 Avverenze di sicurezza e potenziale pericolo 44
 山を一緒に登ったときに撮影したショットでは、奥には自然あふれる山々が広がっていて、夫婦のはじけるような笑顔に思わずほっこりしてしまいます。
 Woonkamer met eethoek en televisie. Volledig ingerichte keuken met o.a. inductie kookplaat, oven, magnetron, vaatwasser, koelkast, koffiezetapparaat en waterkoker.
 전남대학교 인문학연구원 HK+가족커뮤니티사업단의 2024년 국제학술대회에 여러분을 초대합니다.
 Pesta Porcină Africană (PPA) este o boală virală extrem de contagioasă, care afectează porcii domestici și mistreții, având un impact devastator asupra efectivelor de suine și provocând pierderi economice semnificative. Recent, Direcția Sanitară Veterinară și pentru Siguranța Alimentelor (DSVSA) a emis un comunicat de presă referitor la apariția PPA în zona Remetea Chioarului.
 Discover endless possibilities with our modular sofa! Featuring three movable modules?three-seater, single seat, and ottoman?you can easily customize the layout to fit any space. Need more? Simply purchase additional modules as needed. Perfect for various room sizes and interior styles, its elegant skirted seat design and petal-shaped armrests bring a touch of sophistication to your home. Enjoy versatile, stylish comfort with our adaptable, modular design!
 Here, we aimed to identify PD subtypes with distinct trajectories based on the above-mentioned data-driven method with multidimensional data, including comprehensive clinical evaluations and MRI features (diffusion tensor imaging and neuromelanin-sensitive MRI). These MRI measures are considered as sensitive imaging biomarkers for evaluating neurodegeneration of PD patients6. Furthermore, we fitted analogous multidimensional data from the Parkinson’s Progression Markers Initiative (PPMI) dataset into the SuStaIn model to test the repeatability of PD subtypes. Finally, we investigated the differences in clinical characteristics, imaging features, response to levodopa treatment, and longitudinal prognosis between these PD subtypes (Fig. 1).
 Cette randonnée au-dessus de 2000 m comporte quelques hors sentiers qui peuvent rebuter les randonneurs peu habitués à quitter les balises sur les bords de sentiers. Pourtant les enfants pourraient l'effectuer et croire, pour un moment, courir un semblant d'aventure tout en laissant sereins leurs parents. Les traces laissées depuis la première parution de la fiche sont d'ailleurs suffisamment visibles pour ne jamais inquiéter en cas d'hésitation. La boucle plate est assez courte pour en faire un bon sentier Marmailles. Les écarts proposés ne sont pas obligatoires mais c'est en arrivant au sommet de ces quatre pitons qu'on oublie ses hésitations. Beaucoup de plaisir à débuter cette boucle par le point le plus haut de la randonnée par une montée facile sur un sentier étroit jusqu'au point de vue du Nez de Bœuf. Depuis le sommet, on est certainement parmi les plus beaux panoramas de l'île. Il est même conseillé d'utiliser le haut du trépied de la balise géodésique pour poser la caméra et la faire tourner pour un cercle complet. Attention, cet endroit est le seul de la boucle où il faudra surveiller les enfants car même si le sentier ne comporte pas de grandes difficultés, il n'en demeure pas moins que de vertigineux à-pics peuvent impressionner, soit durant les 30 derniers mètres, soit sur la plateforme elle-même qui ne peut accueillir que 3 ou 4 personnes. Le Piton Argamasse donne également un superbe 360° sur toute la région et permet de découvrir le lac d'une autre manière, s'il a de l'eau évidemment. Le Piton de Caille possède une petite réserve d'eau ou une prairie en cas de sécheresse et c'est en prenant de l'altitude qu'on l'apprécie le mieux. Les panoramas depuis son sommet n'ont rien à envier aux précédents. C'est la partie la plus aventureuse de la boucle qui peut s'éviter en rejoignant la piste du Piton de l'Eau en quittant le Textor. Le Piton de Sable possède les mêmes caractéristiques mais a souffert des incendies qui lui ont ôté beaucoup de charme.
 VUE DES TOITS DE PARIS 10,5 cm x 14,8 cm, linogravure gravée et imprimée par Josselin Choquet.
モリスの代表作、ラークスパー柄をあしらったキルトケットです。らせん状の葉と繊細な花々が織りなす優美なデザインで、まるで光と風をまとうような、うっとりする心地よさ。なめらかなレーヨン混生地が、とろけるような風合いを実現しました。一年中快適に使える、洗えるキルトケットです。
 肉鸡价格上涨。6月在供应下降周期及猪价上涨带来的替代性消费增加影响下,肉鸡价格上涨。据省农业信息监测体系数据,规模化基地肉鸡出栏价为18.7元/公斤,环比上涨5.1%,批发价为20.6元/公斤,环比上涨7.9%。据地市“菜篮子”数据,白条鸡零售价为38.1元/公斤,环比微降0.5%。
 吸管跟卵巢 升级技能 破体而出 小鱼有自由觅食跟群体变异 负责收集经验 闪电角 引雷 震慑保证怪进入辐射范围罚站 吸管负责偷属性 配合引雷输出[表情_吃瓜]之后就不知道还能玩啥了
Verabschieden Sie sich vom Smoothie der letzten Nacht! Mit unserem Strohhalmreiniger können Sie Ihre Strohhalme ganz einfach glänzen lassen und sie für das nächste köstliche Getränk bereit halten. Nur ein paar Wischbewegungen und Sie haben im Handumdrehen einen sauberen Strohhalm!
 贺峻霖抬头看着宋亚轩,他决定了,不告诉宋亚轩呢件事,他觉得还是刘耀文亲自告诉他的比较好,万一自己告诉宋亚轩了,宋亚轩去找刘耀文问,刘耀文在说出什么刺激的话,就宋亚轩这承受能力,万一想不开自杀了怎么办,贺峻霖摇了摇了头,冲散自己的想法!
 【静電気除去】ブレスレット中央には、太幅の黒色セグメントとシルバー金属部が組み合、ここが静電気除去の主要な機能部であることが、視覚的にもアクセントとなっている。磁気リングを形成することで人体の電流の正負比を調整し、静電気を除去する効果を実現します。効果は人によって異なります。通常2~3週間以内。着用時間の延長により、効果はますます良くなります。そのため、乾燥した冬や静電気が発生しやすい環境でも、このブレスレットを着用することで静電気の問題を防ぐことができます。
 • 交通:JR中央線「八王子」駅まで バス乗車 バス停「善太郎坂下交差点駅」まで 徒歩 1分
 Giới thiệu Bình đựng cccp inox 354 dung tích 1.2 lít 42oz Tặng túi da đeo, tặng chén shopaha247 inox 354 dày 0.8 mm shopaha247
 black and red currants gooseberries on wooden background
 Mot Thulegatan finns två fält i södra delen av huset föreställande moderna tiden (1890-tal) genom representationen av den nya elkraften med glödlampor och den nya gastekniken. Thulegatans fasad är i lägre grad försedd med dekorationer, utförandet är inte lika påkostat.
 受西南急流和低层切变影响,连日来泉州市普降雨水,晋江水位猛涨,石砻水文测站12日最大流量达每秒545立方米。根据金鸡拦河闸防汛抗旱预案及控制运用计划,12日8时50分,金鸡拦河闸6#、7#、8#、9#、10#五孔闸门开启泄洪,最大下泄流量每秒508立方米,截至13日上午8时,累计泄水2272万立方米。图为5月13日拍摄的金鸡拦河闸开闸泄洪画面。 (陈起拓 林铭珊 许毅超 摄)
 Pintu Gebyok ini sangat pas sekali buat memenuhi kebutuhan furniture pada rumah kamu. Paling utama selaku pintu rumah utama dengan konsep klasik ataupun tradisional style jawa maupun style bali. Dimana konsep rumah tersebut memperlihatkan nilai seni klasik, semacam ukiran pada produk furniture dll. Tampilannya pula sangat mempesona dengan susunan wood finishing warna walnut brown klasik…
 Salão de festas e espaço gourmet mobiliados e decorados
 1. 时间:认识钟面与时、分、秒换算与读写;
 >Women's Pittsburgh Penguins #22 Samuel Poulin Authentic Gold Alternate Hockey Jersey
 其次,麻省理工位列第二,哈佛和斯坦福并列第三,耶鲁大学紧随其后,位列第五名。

····················

Copy range, inclusive: the line holding "山を一緒に登ったときに撮影し" to the line holding "Woonkamer met eethoek". Reproduce exactly those lines of the records above and no others.

 山を一緒に登ったときに撮影したショットでは、奥には自然あふれる山々が広がっていて、夫婦のはじけるような笑顔に思わずほっこりしてしまいます。
 Woonkamer met eethoek en televisie. Volledig ingerichte keuken met o.a. inductie kookplaat, oven, magnetron, vaatwasser, koelkast, koffiezetapparaat en waterkoker.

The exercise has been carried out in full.